Допили сосуд – и Санек проводил друга в палату. Кроме него, там лежали еще трое – старик с переломом шейки бедра, пожилой дядька со сломанной рукой и черноусый молодой хачик по имени Зундан. У хачика дела были плачевные. Он ночью куда-то спешил на станции Москва-Сорти-ровочная и, видно, был под балдой, неаккуратно спрыгнул с платформы и сломал обе пятки. Это само по себе неприятно, так вдобавок, пока валялся на путях без сознания, обчистили под ноль: не осталось ни документов, ни копейки денег. В Москве он был проездом, похоже, с разведкой, и за помощью ему обратиться было не к кому. Но и это не все. В отделении кончились казенные костыли, хачика поставили на очередь (если кто выпишется или помрет), и вот уже третью неделю, загипсованный на обе ноги, он лежал в постели, как прикованный, не мог даже добраться до туалета. По национальности Зундан был турок, хотя зачем-то выдавал себя за таджика. Саньку стало неловко, когда увидел печально сияющие глаза несчастливца: он уже который раз обещал купить костыли в аптеке и опять запамятовал.
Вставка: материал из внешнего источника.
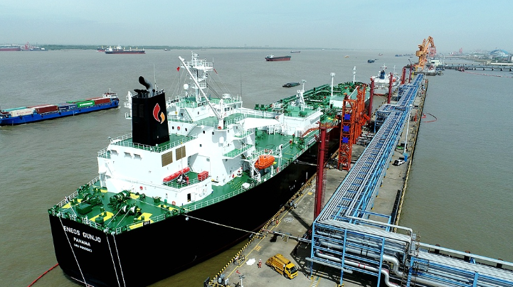 5月5日,在泰興市金燕倉儲液體化工碼頭,一艘5萬噸級的LPG船和一艘1萬噸級液體化工船兩艘外輪先后靠泊港區(qū),開始執(zhí)行接卸任務(wù)……

– Извини, старина, – повинился перед хачиком. – Соображал ка совсем развинтилась. Был рядом с аптекой, из башки выдуло.
– Ничего, – трагически улыбнулся Зундан. – Не волнуйся, Саша. Скоро Климушку выпишут, он свои оставит.
– Не раньше, чем через две недели, – уточнил Клим. – Ты за это время весь провоняешь.
– Не провоняю. Меня Оленька спиртом протирала.
Хачик держался мужественно, вся палата его жалела.
Подкармливали, поддерживали морально. Но с костылями надежда, действительно, только на Санька с Климом. У стариков откуда деньги? Они каждый день подсчитывали, сколько сэкономили на больничной жратве. Сумма набегала немалая, но на костыли не скопишь. «В прежние времена, – вспоминал Иван Иванович, который сломал бедро, осту-пясь в подъезде, – когда я работал на кафедре, я бы тебе, сынок, целую инвалидную коляску справил, а нынче сам знаешь, чего у нас в России творится. Радуйся, пока живой».
– «Реформа, – солидно поддерживал слесарь Фомин, поломавший руку, когда пьяный разгружал машину с кирпичом. – Надо терпеть».
– Может, коньячку примешь? – спросил Санек. – Тут осталось на полпальца.
– Приму, – обрадовался турок. – Коньяк боль снимает.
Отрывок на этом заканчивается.